Output the entries exactly. Start at the first line, finish with the line containing "Explore imaginary landscapes, like", and omit the pictures.

» SOURCE DATA:
[Start of Attachment]

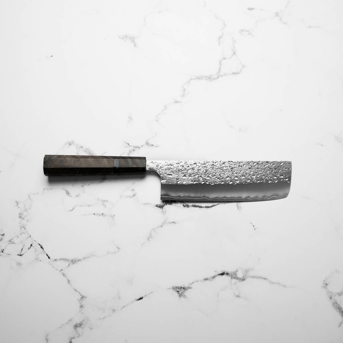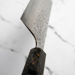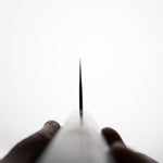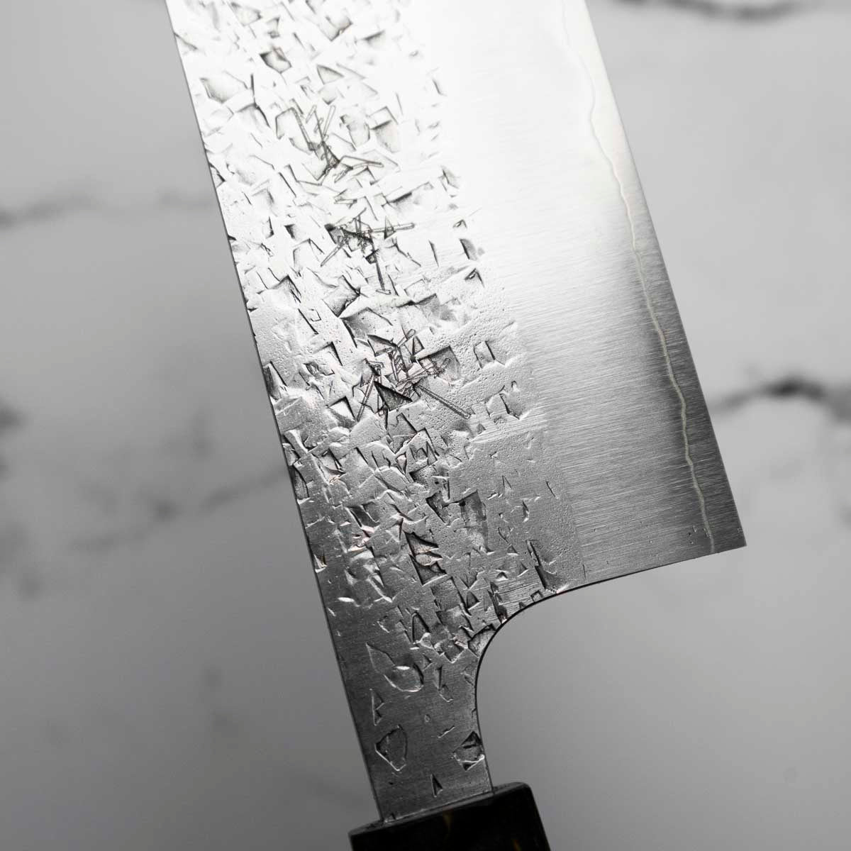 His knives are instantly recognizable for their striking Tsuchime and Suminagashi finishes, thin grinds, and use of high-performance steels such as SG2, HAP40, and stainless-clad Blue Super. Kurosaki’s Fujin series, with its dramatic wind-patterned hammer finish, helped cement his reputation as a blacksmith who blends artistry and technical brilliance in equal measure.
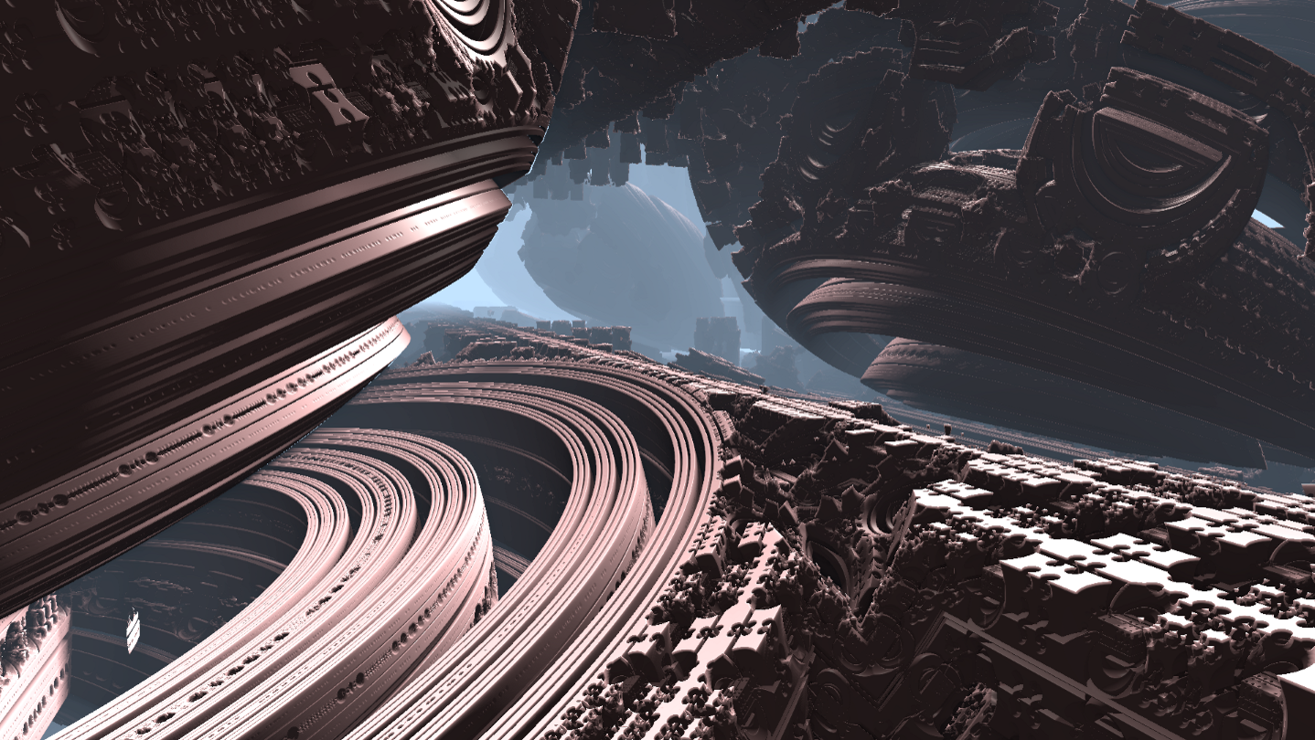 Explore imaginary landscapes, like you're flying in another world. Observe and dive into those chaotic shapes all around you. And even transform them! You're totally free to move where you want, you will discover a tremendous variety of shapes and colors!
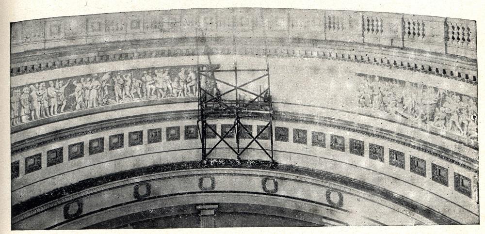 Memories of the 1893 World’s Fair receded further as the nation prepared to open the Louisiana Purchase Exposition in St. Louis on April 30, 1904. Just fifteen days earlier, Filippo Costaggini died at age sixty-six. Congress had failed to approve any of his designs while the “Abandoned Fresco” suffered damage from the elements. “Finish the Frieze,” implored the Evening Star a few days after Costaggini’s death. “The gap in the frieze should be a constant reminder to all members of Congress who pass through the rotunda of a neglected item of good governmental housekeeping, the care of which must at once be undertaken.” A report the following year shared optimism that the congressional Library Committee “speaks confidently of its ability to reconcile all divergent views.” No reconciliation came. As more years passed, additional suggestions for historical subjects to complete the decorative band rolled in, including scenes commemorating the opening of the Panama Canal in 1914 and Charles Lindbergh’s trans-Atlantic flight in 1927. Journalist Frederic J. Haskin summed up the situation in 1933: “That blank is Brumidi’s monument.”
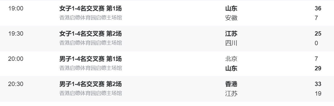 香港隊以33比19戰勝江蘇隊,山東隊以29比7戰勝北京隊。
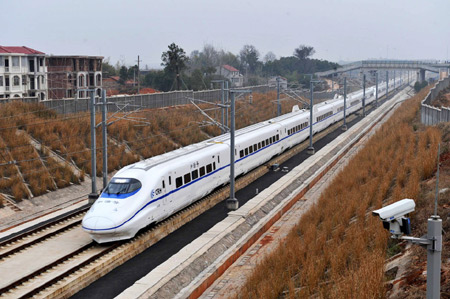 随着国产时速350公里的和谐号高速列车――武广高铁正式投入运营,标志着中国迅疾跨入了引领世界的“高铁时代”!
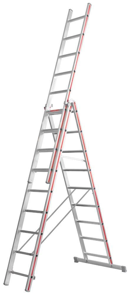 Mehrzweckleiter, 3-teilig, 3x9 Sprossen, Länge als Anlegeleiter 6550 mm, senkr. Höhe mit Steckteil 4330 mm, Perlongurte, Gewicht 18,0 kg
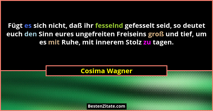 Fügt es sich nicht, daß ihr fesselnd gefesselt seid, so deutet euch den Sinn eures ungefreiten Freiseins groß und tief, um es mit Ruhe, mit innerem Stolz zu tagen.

[End of Attachment]

» SOLUTION FOR THIS EXERCISE:
 His knives are instantly recognizable for their striking Tsuchime and Suminagashi finishes, thin grinds, and use of high-performance steels such as SG2, HAP40, and stainless-clad Blue Super. Kurosaki’s Fujin series, with its dramatic wind-patterned hammer finish, helped cement his reputation as a blacksmith who blends artistry and technical brilliance in equal measure.
 Explore imaginary landscapes, like you're flying in another world. Observe and dive into those chaotic shapes all around you. And even transform them! You're totally free to move where you want, you will discover a tremendous variety of shapes and colors!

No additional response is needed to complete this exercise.